Cant remember where I found the document.

Robert Adam Gilmour, Friday, 14 November 2014 21:16 (nine years ago) link

UK or US or other?

Junior Dadaismus (James Redd and the Blecchs), Friday, 14 November 2014 21:39 (nine years ago) link

Probably UK

Robert Adam Gilmour, Friday, 14 November 2014 22:02 (nine years ago) link

Considerably fewer in US

Junior Dadaismus (James Redd and the Blecchs), Friday, 14 November 2014 22:12 (nine years ago) link

Mark Sinker makes some connections (for inst., between Gothic and Futurist lit) new to me, after viewing the National Gallery's William Morris exhibition: http://dubdobdee.co.uk/2014/11/02/the-wood-beyond-the-world-or-this-bus-has-a-new-destination/

dow, Sunday, 16 November 2014 14:51 (nine years ago) link

Thanks. Surely the friend mentioned there is an ILB poster.

Junior Dadaismus (James Redd and the Blecchs), Sunday, 16 November 2014 14:59 (nine years ago) link

RMDE at that this thread title too, as well as the terrible screenname I had at the time. Don't know why I did it. I guess the door dilated and I just had to go through it.

Junior Dadaismus (James Redd and the Blecchs), Sunday, 16 November 2014 14:59 (nine years ago) link

before I forget: this Brazilian writer recently died and Clute tweeted link to very appealing SFE overview of his work:
http://www.sf-encyclopedia.com/entry/carneiro_andre

dow, Sunday, 16 November 2014 15:51 (nine years ago) link

Ooh! I mean RIP but yknow

Οὖτις, Sunday, 16 November 2014 16:02 (nine years ago) link

Thanks. Often hard to find something like that in translation or even not in translation. Wonder if he had anything in that Cosmos Latinos anthology? Don't seem to recognize the name.

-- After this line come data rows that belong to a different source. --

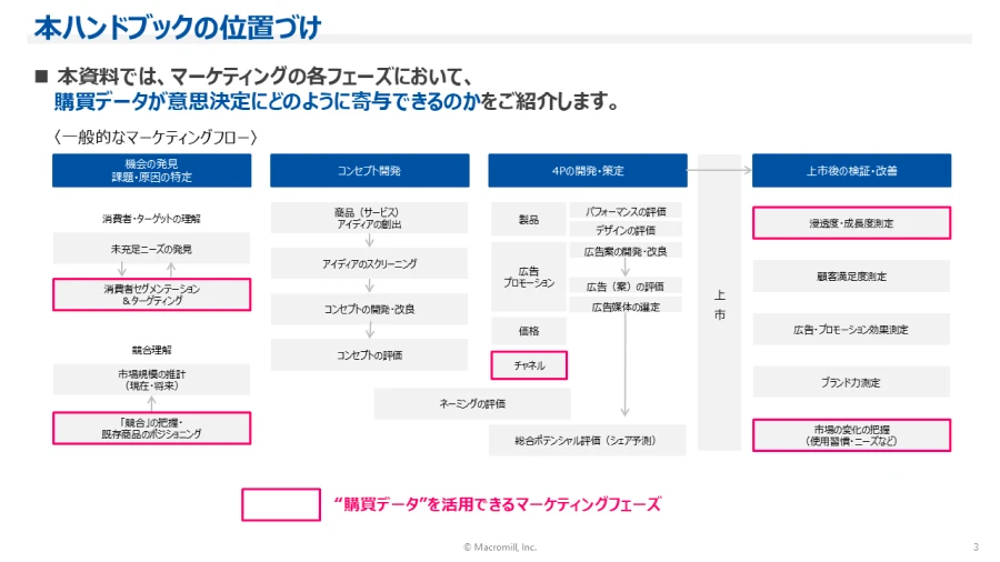 ハンドブック内では購買データの活用方法を詳しく説明しております。本ページのダウンロードフォームよりダウンロードいただき、ぜひ詳しくご覧ください。
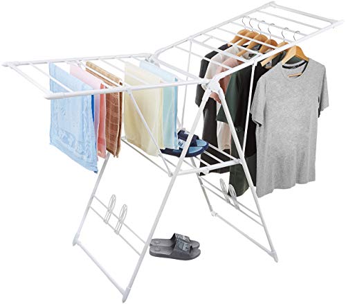 Wings with sturdy horizontal rods for hanging clothes; handy shelf for air-drying sweaters; space for drying 2 pairs of shoes
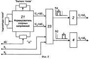 Выходные сигналы формирователя 21 опорных напряжений поступают на первый и второй входы коммутатора 23, на выходе которого формируются сдвинутые одна относительно другой по времени импульсные последовательности N1 и N2 с амплитудами импульсов U1 и U2 с пульсирующими составляющими ΔU1 и ΔU2. Импульсные последовательности N1 и N2 поступают далее на входы первого и второго источников 2 и 4 тока, которые вырабатывают токи I1+ΔI1 и I2+ΔI2, мгновенные значения которых пропорциональны амплитудам импульсов U1+ΔU1 и U2+ΔU2 (фиг. 5, 7).The output signals of the

Junior Dadaismus (James Redd and the Blecchs), Sunday, 16 November 2014 16:03 (nine years ago) link

(xp, obv)

Junior Dadaismus (James Redd and the Blecchs), Sunday, 16 November 2014 16:03 (nine years ago) link

okay, "Brain Transplant."

Junior Dadaismus (James Redd and the Blecchs), Sunday, 16 November 2014 16:05 (nine years ago) link

I've only read Brain Transplant but would def read more provided stuff gets translated

Οὖτις, Sunday, 16 November 2014 16:06 (nine years ago) link

Hey James, tried to reply to yr kind email, but it won't let us reply directly, and the webmail form has the worst captcha evah, I refreshed it a half-dozen times, got rejected over and over and over and over and over and over. So I'll reply here: thanks, you keep up the good posts too!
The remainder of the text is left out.